Re the “Depth-first vs Breadth-first” distinction for idea development: IDA* is ok as far as a loose analogy to personally searching the idea tree goes, but I think this is another instance where there’s a (first-order) trade-off between individual epistemic rationality and social epistemology.
What matters is that someone discovers good ideas on AI alignment, not whether any given person does. As such, we can coordinate with other researchers in order to search different branches of the idea tree, and this is more like multithreaded/parallel/distributed tree search.
We want to search branches that are neglected, in our comparative advantage, and we shouldn’t be trying to maximise the chance that we personally discover the best idea. Instead, we should collectively act according to the rule that maximises the chance that someone in the community discovers the best idea. Individually, we are parallel threads of the same search algorithm.
I agree with the general sentiment that paying attention to group optimality, not just individual optimality, can be very important.
However, I am a bit skeptical of giving this too much importance when thinking about your research.
If we’re all doing what’s collectively best, we must personally be doing what gives us the highest expectation of contributing (not of getting credit, but of contributing). If this were not the case, then it follows that there is at least one single person who could change their strategy to have a better chance of contributing. So “”“in an appropriate sense””” we should still do what’s best for our personal research.
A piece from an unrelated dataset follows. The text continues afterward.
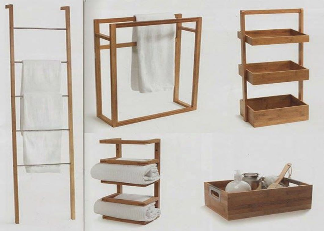 Renna Homes Design is dedicated to making unique and most functional pieces of furniture without compromising quality like this set of multi-level wooden shelve from the bathroom.
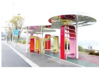 “如歌的日子”公交车站位于悦来美术馆旁的悦城路站,以生活中常见的板凳为元素,蓝色和红色两个硕大的板凳高低错落为等车的乘客提供了有趣的休息空间,旁边紧紧围绕着17个小板凳色彩绚丽,与悦来美术馆遥相呼应。

It does not follow that if everyone is doing what seems personally best for their research, the group is following a collectively optimal path. However, I think it’s somewhat hard to produce a counterexample which doesn’t involve strategizing about who gets the credit.
Instead, we should collectively act according to the rule that maximises the chance that someone in the community discovers the best idea.
Here’s a simplistic argument that you’re wrong: the “only way” to help create good ideas is by having good ideas. This isn’t really true (for example, I might trigger your bright idea by some innocuous action). However, it seems mostly true in the realm of purposeful research.
Anyway, with respect to IDA*, I’m curious exactly what you meant by “first order”.
I don’t yet see why IDA* is unsuitable in the multi-researcher context. You can set up the search problem to be a sub-problem that’s been farmed out to you, if you’re part of a larger research program which is organized by farming out sub-questions. You can integrate information from other people in your search-tree, EG updating nodes with higher heuristic values if other people think they’re promising. You can use an IDA* tree to coordinate a parallelized search, instead of a purely sequential search like IDA*. (Perhaps this is the change you’re trying to point at?)
Some related questions:
How much should you focus on reading what other people do, vs doing your own things?
How much should you focus on communicating your word vs doing it?
How much should you avoid what other people are working on?
Should you randomize at all? How? (Randomization can help reduce redundant work in many contexts.)
Should prioritize subquestions other people think are important, or the ones that you think are most important?
I worry for people who are only reading other people’s work, like they have to “catch up” to everyone else before they have any original thoughts of their own. I also worry for people who don’t read very much, but I think, not nearly as much. The original-thought-havers still have a chance of producing a critical insight. The diligent readers have less of a chance.
I worry for people who work only on other people’s questions, because by the time you answer those questions, the original author may have moved on. Working on your own questions, which you think are important for your own reasons, provides more of a (still very fallible!) guarantee that your work will be useful somehow. At least there is someone somewhere who will think it useful. If you are working on other people’s questions, there is no such guarantee. It’s too easy to misunderstand the original purpose of the question, and do work that technically satisfies it but really doesn’t do what was wanted in a broader context.
I’m curious exactly what you meant by “first order”.
Just that the trade-off is only present if you think of “individual rationality” as “let’s forget that I’m part of a community for a moment”. All things considered, there’s just rationality, and you should do what’s optimal.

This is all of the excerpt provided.